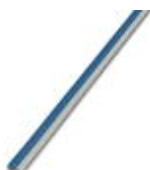
Continuous plug-in bridge, length: 500 mm, color: blue

Continuous plug-in bridge - FBST 500-PLC BU - 2966692
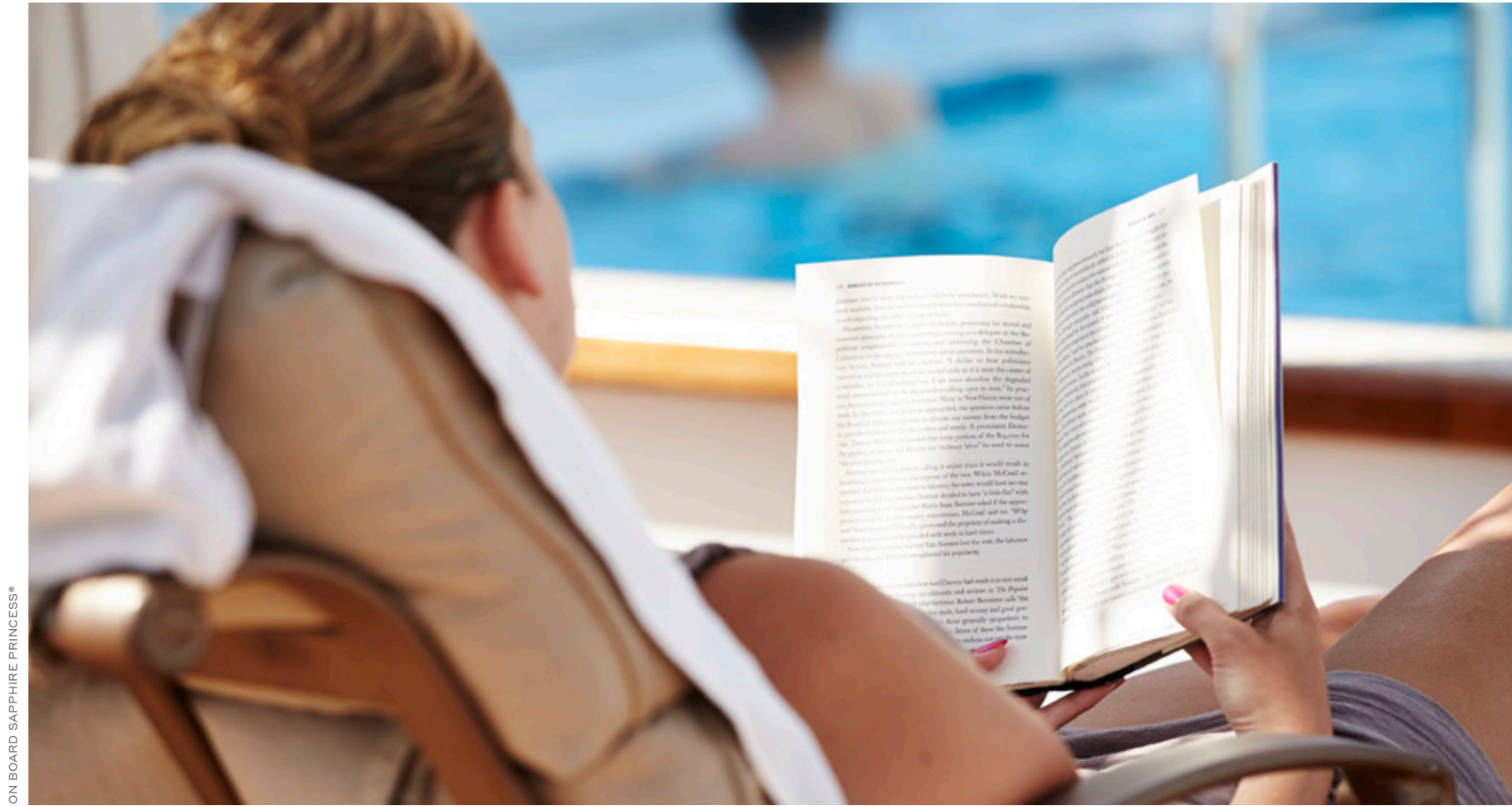
ON BOARD SAPPHIRE PRINCESS®

Australia's northern capital lies at the heart of the tropics and is home to more than half of the Northern Territory's population. A popular starting point for journeys through the many attractions of the Top End wilderness regions, there's also plenty of fascinating history to explore in and around Darwin. (B,L,D)
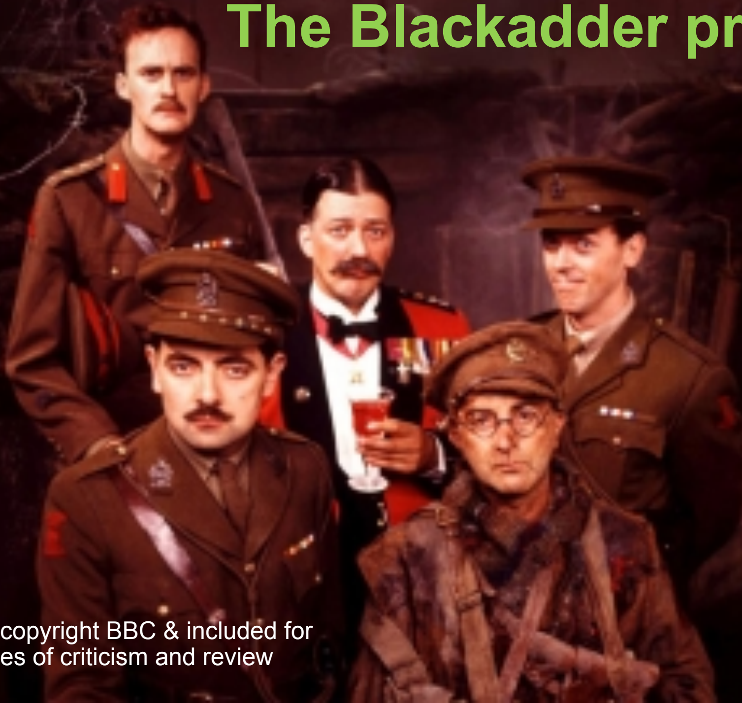
Image copyright BBC & included for purposes of criticism and review
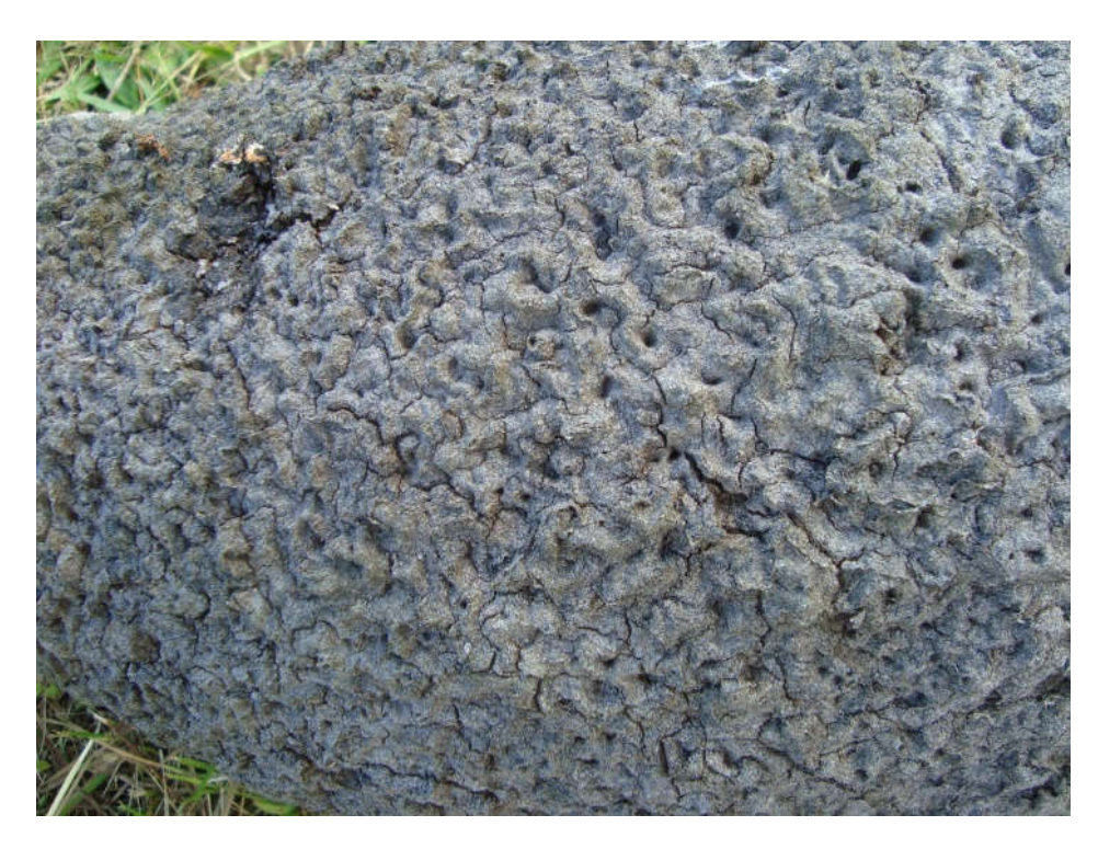
Figure 7. Nest of Nasutitermes ehrhardti (close view)
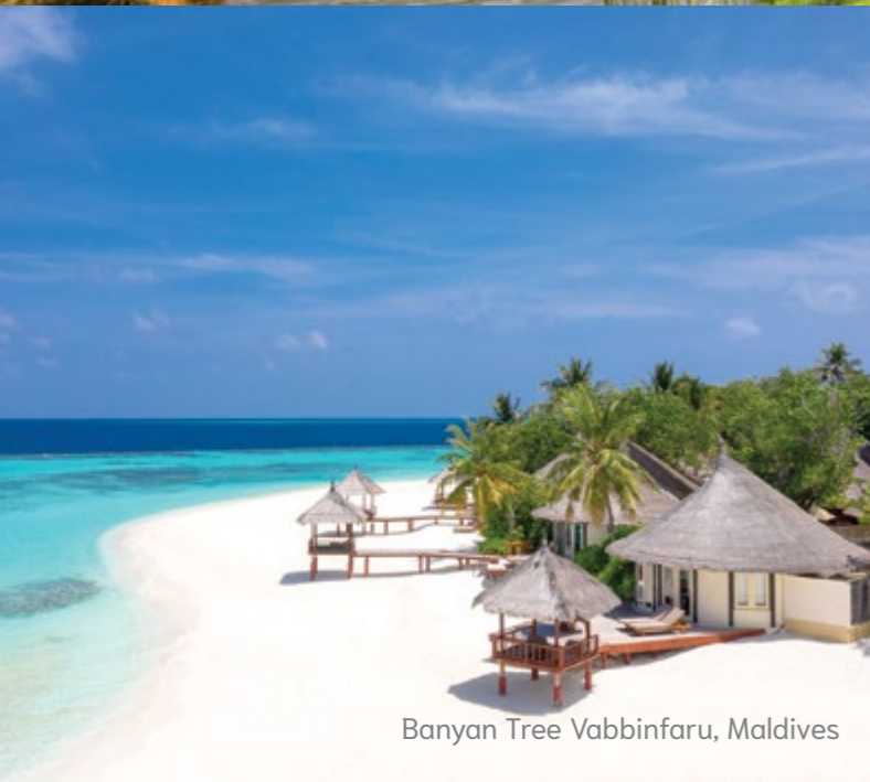
Banyan Tree Vabbinfaru, Maldives
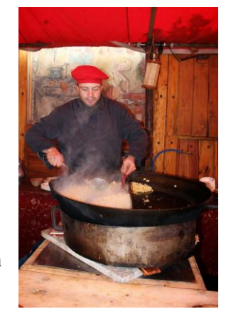
This chap is preparing the Kässpätzle I ordered for lunch. Kässpätzle = Swabian noodles and cheese

One thing I did for the first time this year is play Mäuseroulette . The woman in charge of the game was very enthusiastic and convinced me as I strolled by that I would love this game for only zwei Taler (medieval coins, Euro today)! I readily admit I enjoyed it, and I will play it again when I return. This is a picture of Karamelle the mouse (the caramel-colored blur) running into a house upon which my Edelstein is not. Yes, it is a real, live mouse! The lady standing next to me won, though.
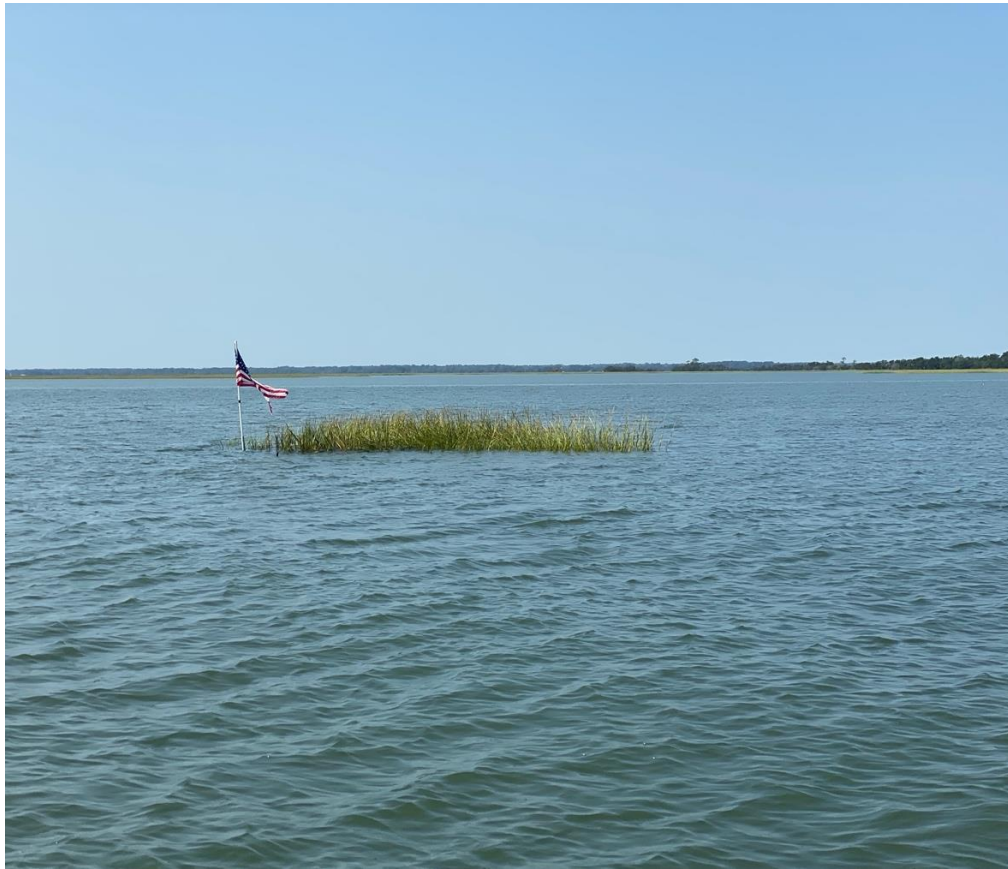
Island on the Story River where Commander Dion planted the flag claiming the land for ABCHH as the site of our future world headquarters
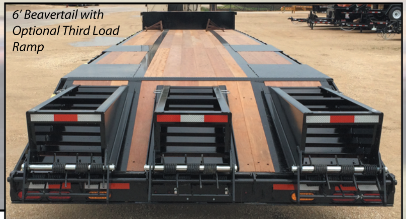
6' Beavertail with Optional Third Load Ramp
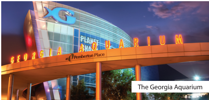
The Georgia Aquarium
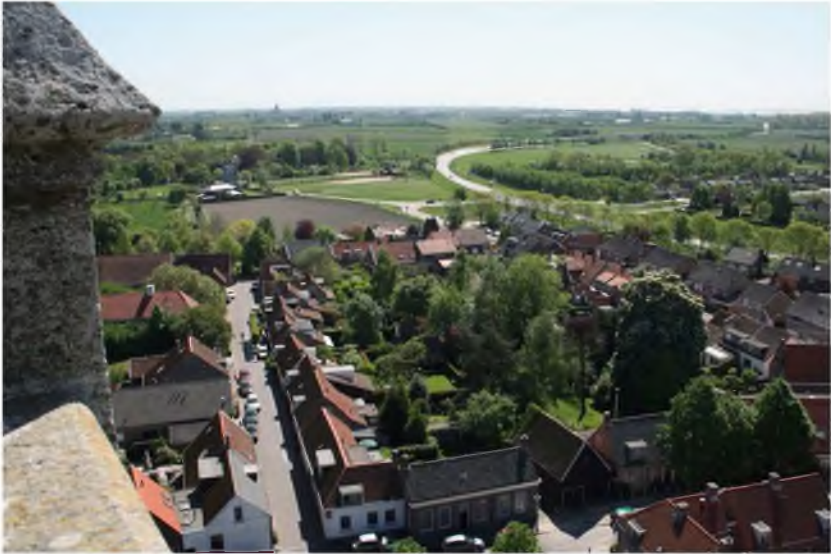
The village of Goes, in Zeeland, as seen from the church tower, today.

they came out at the ankles. But his heart could not be moved. Then the court convicted him and sentenced him to death.
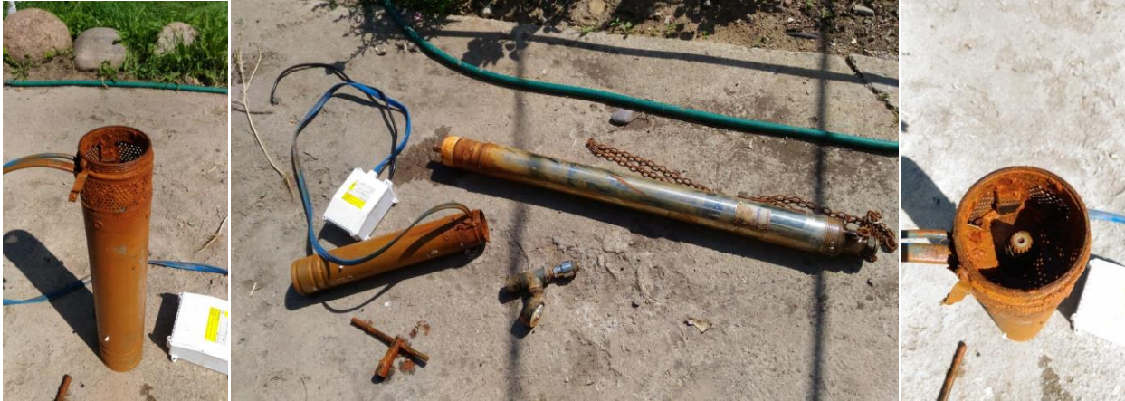
Figure 1 - Photo of a failed borehole pump due to the high content of \text{Fe}^{2+} compounds in artesian water

Along with \text{Fe}^{2+} compounds, natural water contains accompanying \text{Mn}^{2+} impurities, which can cause blockage of pipes and significantly reduce the heat exchange characteristics of technological equipment. The presence of hardness salts in natural waters also has a negative effect on the heating surfaces of heating equipment, forming hard-to-remove Ca and Mg compounds on the surface.
-=-=-
EXERCISE INSTRUCTIONS: Please determine how many lines of the records above contain "which", and state that number only.

EXERCISE RESPONSE: 2